There’s a difference between book smart and bar smart. You may not be book smart, but this series can make you seem educated and interesting from a barstool. So, belly up, pour yourself a glass of something good, and take mental notes as we look at the largest fish to ever swim the seas.

We’re all about big fish stories here at MeatEater, and we recently came across the biggest one yet. At an estimated 70-plus-feet-long, Leedsichthys problematicus is thought to be larger than any other fish in history. In fact, there are only two living whale species that surpass that astounding size.

Now, before you go spooling up the 10-ton-test, you should know these incredible fish went extinct in the late Jurassic Period (about 155 million years ago). Remains of L. problematicus were discovered in the 1880s by British fossil collector Alfred Leeds, hence Leeds-ichthys, or “Leeds’ fish.” The species name, problematicus, derives from the difficulty of reassembling thousands of fossilized bone fragments and classifying the animal when complete.

Problematicus is thought to be a member of the Pachycormid family, an early branch of the bony fishes we know today. If that taxonomy is correct, it would make bowfin the closest living relative. But problematicus’ skeleton included a lot of cartilage and hollow bones that disappeared or were crushed over millions of years underground, leaving us with only fragmented, “problematic” remains. The largest of the 70-plus specimens discovered, known as the “Big Meg,” filled 20 museum drawers with its bones—more than 10,000 fragments from the tail alone. As such, the exact shape of the skeleton is not fully understood, leading to a great deal of disagreement over the facial structure and actual length.

Some early scientists posited that they could reach beyond 100 feet, while others suggest only 36. Current estimates hypothesize a maximum length around 54 feet, though some researchers insist the fish must have been longer.
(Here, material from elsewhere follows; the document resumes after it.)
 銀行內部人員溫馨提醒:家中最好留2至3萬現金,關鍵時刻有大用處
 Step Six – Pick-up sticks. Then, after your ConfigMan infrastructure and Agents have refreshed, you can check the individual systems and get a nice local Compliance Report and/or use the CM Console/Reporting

One can only assume that those researchers are also anglers.

As with most modern marine monsters, problematicus was a filter feeder specializing in plankton and krill. Analyses of the specimens found in Germany, France, England, and Chile have revealed a large proportion of nutrients derived from microinvertebrates. It also appears from the fossil remains that the fish possessed large and expandable gill baskets and hyomandibula, allowing them to take in and filter massive amounts of sea water.

It would have taken a really tiny lure or fly attached to really, really heavy line to tangle with this massive fish. That seems like a particularly tricky rig to set up, and we’re not sure these fish even existed concurrently with humans, so the possibility of an actual fisherman every tangling with one of these beasts seems slim, at best. But when have we ever let details like plausibility get in the way of a good fishing story?